:: Extracted data ::

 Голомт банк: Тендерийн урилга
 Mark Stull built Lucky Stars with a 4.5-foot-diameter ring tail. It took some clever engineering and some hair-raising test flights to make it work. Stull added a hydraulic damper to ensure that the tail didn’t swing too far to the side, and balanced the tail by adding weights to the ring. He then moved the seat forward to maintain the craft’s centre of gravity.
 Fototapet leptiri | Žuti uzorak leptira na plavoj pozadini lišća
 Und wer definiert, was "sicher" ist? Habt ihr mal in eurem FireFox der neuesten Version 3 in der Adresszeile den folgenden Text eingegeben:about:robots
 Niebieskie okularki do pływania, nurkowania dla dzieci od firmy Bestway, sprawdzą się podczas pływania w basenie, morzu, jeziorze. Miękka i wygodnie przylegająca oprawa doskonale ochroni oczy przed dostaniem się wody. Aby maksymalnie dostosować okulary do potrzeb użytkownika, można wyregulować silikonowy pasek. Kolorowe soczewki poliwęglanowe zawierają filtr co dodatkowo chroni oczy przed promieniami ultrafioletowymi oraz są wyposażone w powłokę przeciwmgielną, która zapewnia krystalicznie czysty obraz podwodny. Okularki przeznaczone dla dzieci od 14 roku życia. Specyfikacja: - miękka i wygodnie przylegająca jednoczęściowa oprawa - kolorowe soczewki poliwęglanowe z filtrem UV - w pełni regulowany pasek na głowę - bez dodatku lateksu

:::
:: Extracted data ::

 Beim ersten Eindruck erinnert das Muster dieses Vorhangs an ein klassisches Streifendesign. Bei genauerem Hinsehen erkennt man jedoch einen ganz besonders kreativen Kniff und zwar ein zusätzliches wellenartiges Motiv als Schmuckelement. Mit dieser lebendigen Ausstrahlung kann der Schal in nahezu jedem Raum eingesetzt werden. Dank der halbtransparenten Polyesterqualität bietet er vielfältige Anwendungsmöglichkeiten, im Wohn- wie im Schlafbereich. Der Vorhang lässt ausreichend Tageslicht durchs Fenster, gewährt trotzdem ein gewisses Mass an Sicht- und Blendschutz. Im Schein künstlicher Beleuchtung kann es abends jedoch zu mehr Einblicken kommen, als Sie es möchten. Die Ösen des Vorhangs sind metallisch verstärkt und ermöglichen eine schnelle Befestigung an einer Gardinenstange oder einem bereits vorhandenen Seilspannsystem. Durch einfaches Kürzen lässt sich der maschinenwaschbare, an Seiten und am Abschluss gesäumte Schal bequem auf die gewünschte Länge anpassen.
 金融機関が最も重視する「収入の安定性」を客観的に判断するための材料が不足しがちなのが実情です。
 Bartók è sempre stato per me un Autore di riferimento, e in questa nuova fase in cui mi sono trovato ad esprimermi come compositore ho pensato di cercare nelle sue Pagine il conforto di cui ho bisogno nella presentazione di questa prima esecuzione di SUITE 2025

:::

Your goal — Would you please repeat exactly the lines above, starting at the line with "Голомт банк: Тендерийн урилга" and stopping at the line with "Niebieskie okularki do", both included?

Answer for this exercise —
 Голомт банк: Тендерийн урилга
 Mark Stull built Lucky Stars with a 4.5-foot-diameter ring tail. It took some clever engineering and some hair-raising test flights to make it work. Stull added a hydraulic damper to ensure that the tail didn’t swing too far to the side, and balanced the tail by adding weights to the ring. He then moved the seat forward to maintain the craft’s centre of gravity.
 Fototapet leptiri | Žuti uzorak leptira na plavoj pozadini lišća
 Und wer definiert, was "sicher" ist? Habt ihr mal in eurem FireFox der neuesten Version 3 in der Adresszeile den folgenden Text eingegeben:about:robots
 Niebieskie okularki do pływania, nurkowania dla dzieci od firmy Bestway, sprawdzą się podczas pływania w basenie, morzu, jeziorze. Miękka i wygodnie przylegająca oprawa doskonale ochroni oczy przed dostaniem się wody. Aby maksymalnie dostosować okulary do potrzeb użytkownika, można wyregulować silikonowy pasek. Kolorowe soczewki poliwęglanowe zawierają filtr co dodatkowo chroni oczy przed promieniami ultrafioletowymi oraz są wyposażone w powłokę przeciwmgielną, która zapewnia krystalicznie czysty obraz podwodny. Okularki przeznaczone dla dzieci od 14 roku życia. Specyfikacja: - miękka i wygodnie przylegająca jednoczęściowa oprawa - kolorowe soczewki poliwęglanowe z filtrem UV - w pełni regulowany pasek na głowę - bez dodatku lateksu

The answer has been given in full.